Monoclonal Antibodies For Clinical Use

Fig: 1 Principle of the Hybridoma Monoclonal antibodies derive from a single antibody-producing B cell. The antigen is first injected into a mouse to provoke an immune response. The spleen is harvested because it harbors many activated B cells. The spleen cells are short-lived in culture, so they are fused to immortal myeloma cells. The hybridoma cells are cultured and isolated so each hybrid is separate from the other. Each hybrid clone can then be screened for the best antibody to the target protein.

 

 

There are many clinical uses for antibodies. They are used in diagnostic procedures (including the ELISA), for pregnancy testing, and to detect the presence of proteins characteristic of particular disease-causing agents.

In the future, they may be used to specifically kill cancer cells or destroy viruses. Such uses need relatively large amounts of a pure antibody that specifically recognizes a single antigen. Even if an experimental animal is inoculated with a purified single antigen, its blood serum will contain a mixture of antibodies to that antigen. Remember that a single antigen has multiple epitopes, and
ANTIBODY thus antibodies will vary in both specificity and affinity.

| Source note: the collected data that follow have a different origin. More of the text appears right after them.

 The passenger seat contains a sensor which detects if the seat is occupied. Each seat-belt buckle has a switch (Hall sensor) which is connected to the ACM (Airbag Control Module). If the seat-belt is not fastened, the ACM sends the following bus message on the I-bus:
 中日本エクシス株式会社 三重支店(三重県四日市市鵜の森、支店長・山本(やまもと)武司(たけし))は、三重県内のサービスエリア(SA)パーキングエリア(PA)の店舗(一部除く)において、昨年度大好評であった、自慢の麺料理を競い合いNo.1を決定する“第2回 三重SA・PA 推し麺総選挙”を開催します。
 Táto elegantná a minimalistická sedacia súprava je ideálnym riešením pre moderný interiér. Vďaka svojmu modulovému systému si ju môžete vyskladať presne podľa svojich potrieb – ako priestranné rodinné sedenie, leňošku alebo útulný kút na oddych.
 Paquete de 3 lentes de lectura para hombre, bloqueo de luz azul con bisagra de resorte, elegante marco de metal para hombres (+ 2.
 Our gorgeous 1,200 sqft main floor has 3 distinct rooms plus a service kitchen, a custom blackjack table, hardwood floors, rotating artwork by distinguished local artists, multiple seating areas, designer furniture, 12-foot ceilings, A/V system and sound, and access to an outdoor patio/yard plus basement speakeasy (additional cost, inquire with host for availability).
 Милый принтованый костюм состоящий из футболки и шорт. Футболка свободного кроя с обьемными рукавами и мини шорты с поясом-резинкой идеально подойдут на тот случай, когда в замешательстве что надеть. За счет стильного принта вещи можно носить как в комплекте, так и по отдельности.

Nowadays, such a mixture is referred to as polyclonal antibody because it results from antibody production by many different clones of B cells, which all recognized the same antigen. Such a mixture is of little use either for a specific, accurate assay or for other techniques in biotechnology.
Somehow, a single line of B cells all making one particular antibody must be isolated and grown in culture. Such a pure antibody made by a single line of cells is known as a monoclonal antibody . Unfortunately, B cells live for only a few days and survive poorly outside the body. The solution to this problem is to use cancer cells.

Myelomas are naturally occurring cancers derived from B cells and which therefore express immunoglobulin genes. Like many tumor cells, myeloma cells will continue to grow and divide in culture forever if given proper nutrients. To make monoclonal antibodies, the relatively delicate B cell, which is making the required antibody, is fused to a myeloma cell. (To avoid confusion, a myeloma that has lost the ability to make its own antibody is used.) The resulting hybrid is called a hybridoma .

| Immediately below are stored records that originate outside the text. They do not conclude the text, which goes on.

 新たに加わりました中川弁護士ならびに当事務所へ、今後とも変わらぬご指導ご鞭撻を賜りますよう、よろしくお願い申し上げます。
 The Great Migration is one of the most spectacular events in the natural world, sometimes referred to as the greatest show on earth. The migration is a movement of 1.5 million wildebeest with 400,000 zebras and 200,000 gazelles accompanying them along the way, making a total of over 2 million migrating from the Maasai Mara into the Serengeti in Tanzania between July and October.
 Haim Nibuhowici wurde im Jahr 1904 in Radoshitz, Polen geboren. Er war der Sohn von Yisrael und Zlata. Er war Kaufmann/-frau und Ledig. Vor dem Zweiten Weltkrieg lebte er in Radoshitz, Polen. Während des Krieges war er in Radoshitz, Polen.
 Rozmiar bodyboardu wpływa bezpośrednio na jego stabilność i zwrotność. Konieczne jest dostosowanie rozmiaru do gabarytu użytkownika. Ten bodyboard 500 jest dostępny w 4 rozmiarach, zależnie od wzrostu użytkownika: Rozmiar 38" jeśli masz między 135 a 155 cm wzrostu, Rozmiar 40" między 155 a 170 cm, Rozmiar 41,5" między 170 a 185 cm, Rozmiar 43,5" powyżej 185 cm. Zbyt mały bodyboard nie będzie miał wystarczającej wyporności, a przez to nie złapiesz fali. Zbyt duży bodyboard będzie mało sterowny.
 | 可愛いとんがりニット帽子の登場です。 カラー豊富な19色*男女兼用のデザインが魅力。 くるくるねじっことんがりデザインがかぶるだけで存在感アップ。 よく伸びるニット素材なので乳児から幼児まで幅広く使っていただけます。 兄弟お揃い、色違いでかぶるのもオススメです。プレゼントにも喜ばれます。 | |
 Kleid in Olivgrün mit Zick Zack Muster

In principle it can live forever in culture and will make the desired antibody. In practice, an animal, such as a mouse, is injected with the antigen against which antibodies are needed. When antibody production has reached its peak, a sample of antibody-secreting B cells is removed from the animal. These are fused to immortal myeloma cells to give a mixture of many different hybridoma cells. The tedious part comes next. Many individual hybridoma cell lines must be screened to find one that recognizes the target antigen. Once found, the hybridoma is grown in culture to give large amounts of the monoclonal antibody.

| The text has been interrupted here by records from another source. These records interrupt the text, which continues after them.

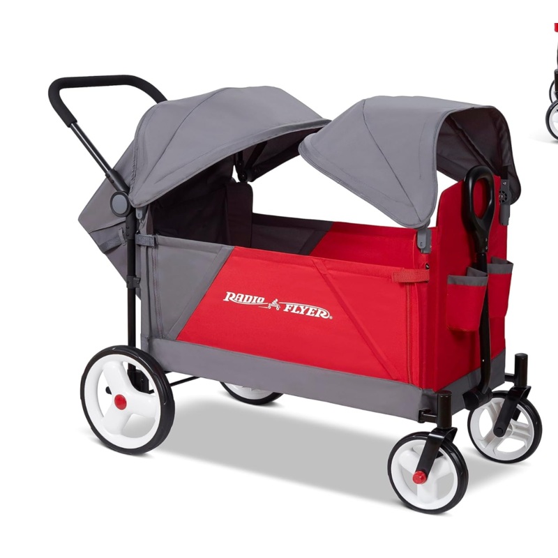 This push and pull wagon will keep you on the go and little head’s protected with the dual UV canopy set! This wagon easily folds for storage and on the go and is ideal for ages 1 and up.
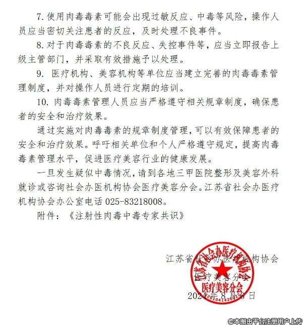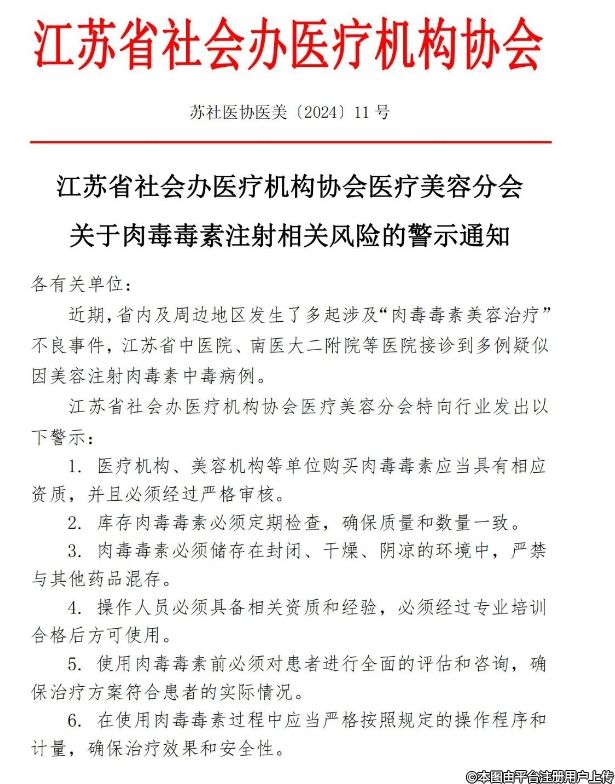 江苏省社会办医疗机构协会医疗美容分会关于肉毒毒素注射相关风险的警示通知
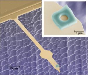 The researchers first pulverize the large crystals of SRO, provided by Yoshiteru Maeno’s group at Kyoto University who discovered the superconductivity of SRO, into fragments, choose a likely micron-sized flake, and drill a hole in it using a focused beam of gallium ions. The resulting structure, which looks like a microscopic donut, is glued onto the sensitive silicon cantilever and then cooled to 0.4 degrees above absolute zero.
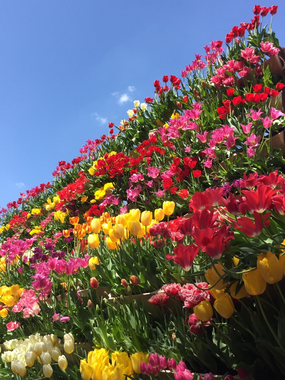 最大の見頃は2週間程度しかない貴重なチューリップの祭典です。会場内はお花畑だけでなく、ご当地グルメフェアーや写真撮影会、クイズ大会に、ハンドメイドの体験コーナーや館内施設ステージの模様し物などイベント盛りだくさんでした。
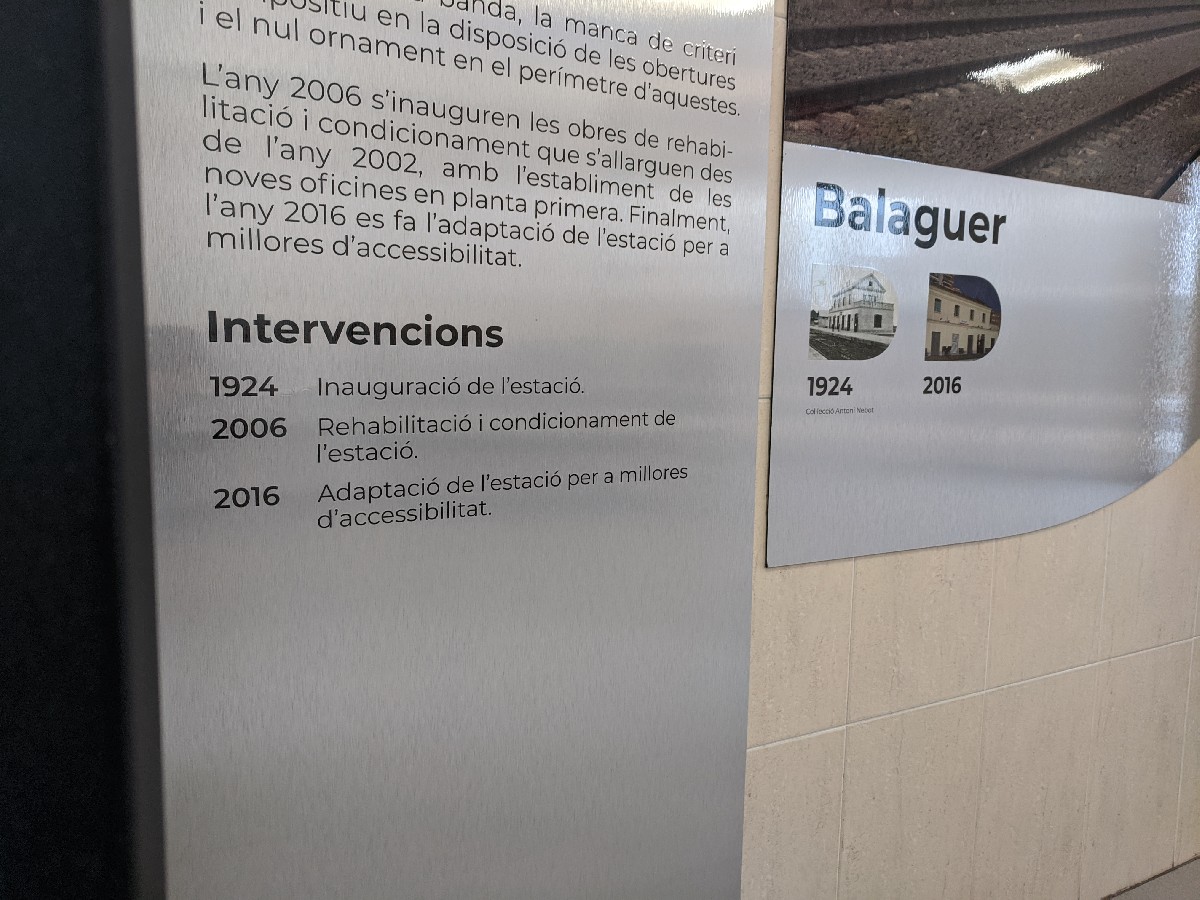 Ferrocarrils de la Generalitat posa en valor el patrimoni arquitectònic de les seves estacions de tren, entre elles la de Balaguer. La companyia ha instal·lat plafons informatius amb imatges i dades sobre la seva història i l'evolució arquitectònica
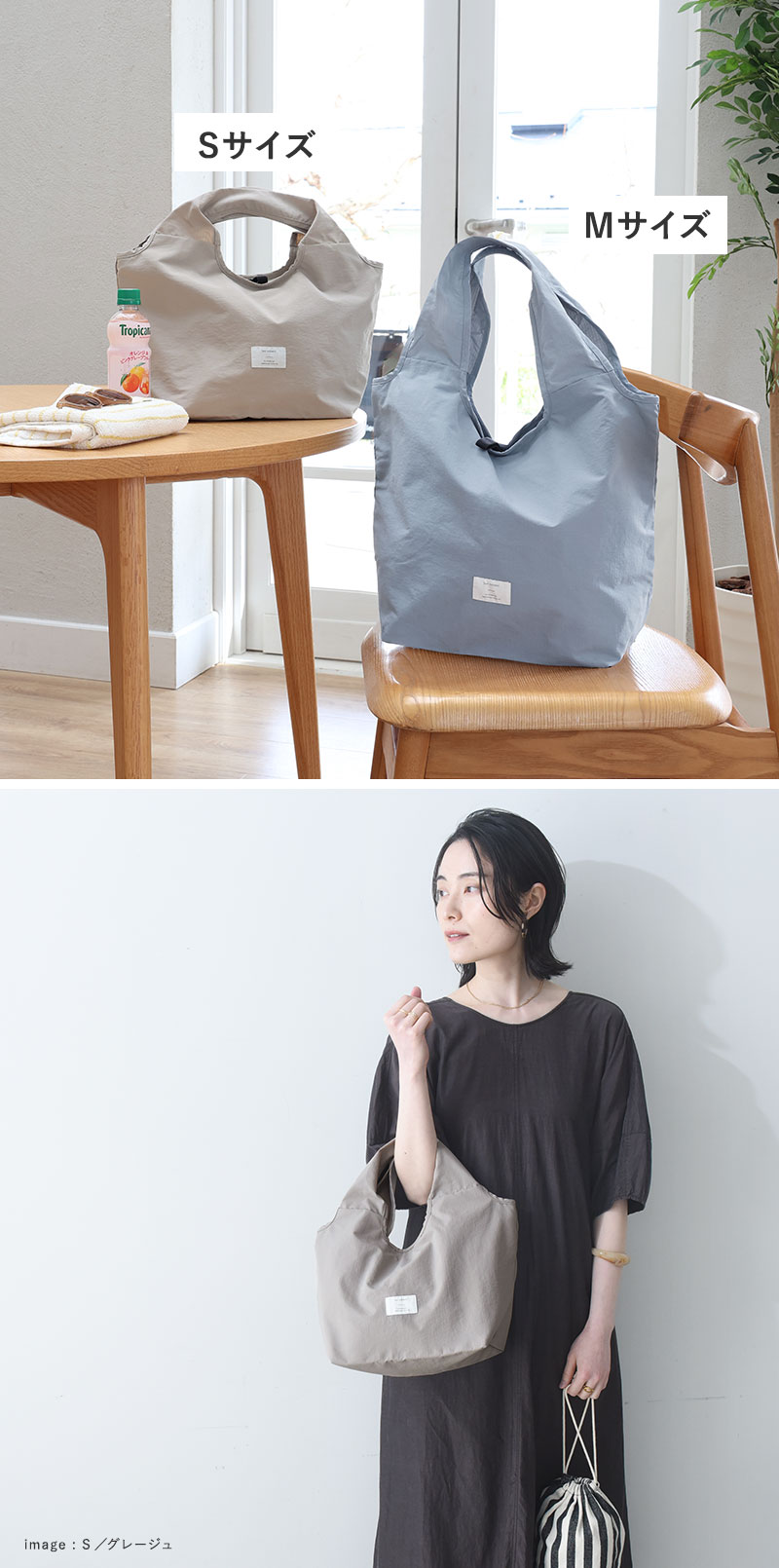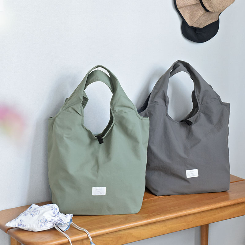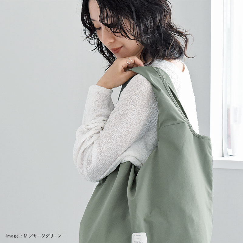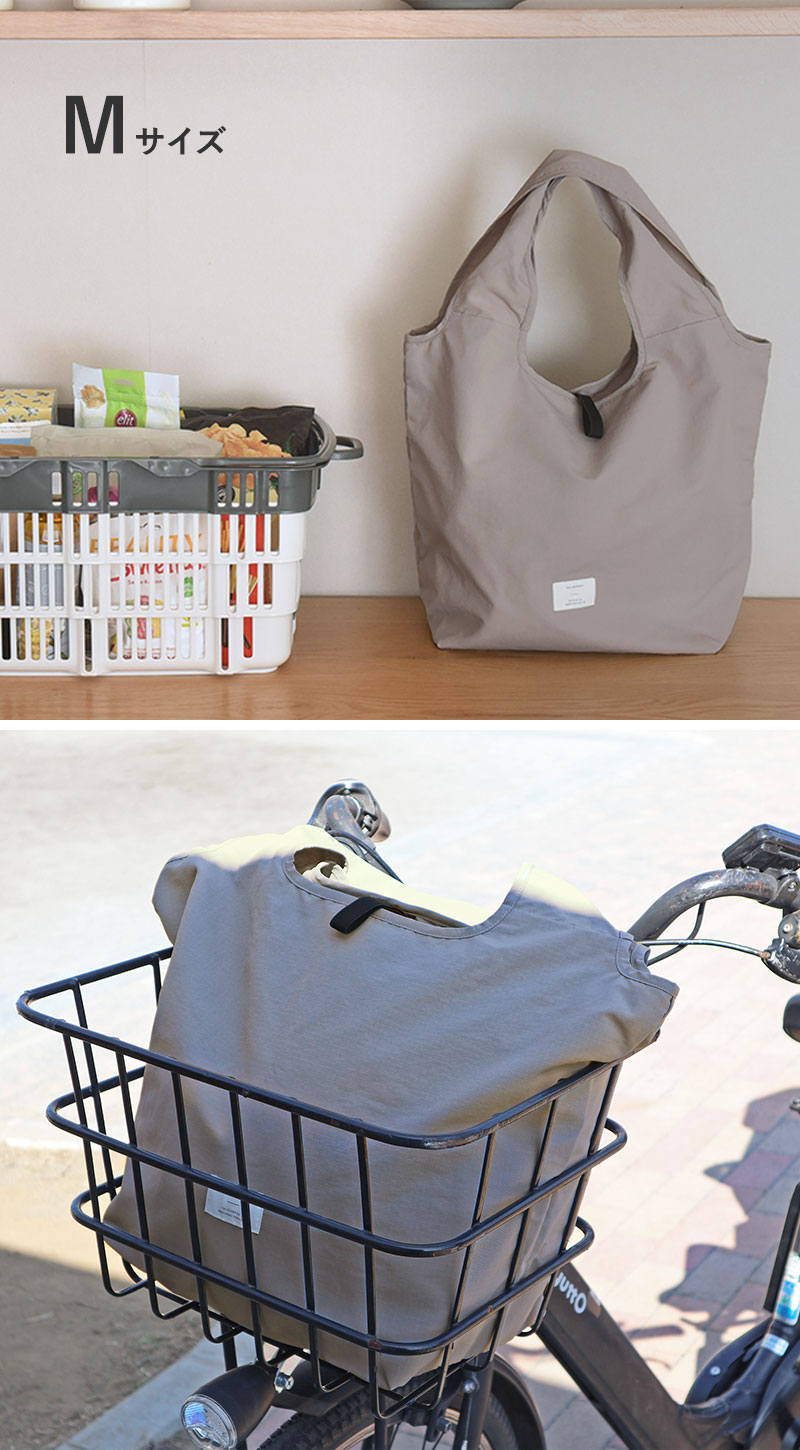 Mサイズは自転車のカゴにスッポリ入るサイズ感で、夕飯の買い出しにも◎。Sサイズはコンビニ弁当や、帰りがけにお肉や魚、アイスなどちょっと買い足したいシーンにぴったり。ありそうでなかった、理想のカタチのエコバッグです。

HUMANIZATION OF MONOCLONAL ANTIBODIES

Fig: 2 Humanization of Monoclonal Antibodies Antibodies from a mouse can be altered to become more like a human antibody. (A) The entire constant region of the heavy and light chain can be replaced with constant regions from a human. (B) Antibodies have six CDRs that determine the actual antigen binding site. The entire antibody except the CDR region can be replaced with human sequence.

 

 

Monoclonal antibodies could theoretically be used as magic bullets to kill human cancer cells by aiming them at specific molecules appearing only on the surface of cancer cells. Ironically, the main problem is that the human immune system regards antibodies from mice or other animals as foreign molecules themselves, and so attempts to destroy them! One approach that may partly solve this problem is using genetic engineering to make humanized monoclonals.

This takes advantage of the fact that only the variable or V-region of the antibody recognizes the antigen. The constant or C-region may therefore be replaced. The first-generation hybridoma is isolated and cultured, generally using mouse B cells. Then the DNA encoding the mouse monoclonal antibody is isolated and cloned.

The DNA for the constant region of the mouse antibody is replaced with the corresponding human DNA sequence. The V region is left alone. The human/mouse hybrid gene is then put back into a second mouse myeloma cell for production of antibody in culture. Although not fully human, the hybrid is less mouselike and provokes much less reaction from the human immune system.

Further humanization can be accomplished by altering those parts of the V region that are not directly involved in binding the antigen. A closer look at the V-region of each chain shows that most of the variation is restricted to three short segments that form loops on the surface of the antibody, thus forming the antigen binding site.

These are known as hypervariable regions or as complementarity determining regions (CDRs) . Overall, each antigen binding site consists of six CDRs, three from the light chain and three from the heavy chain. Full humanization of an antibody involves cutting out the coding regions for these six CDRs from the original antibody and splicing them into the genes for human light and heavy chains.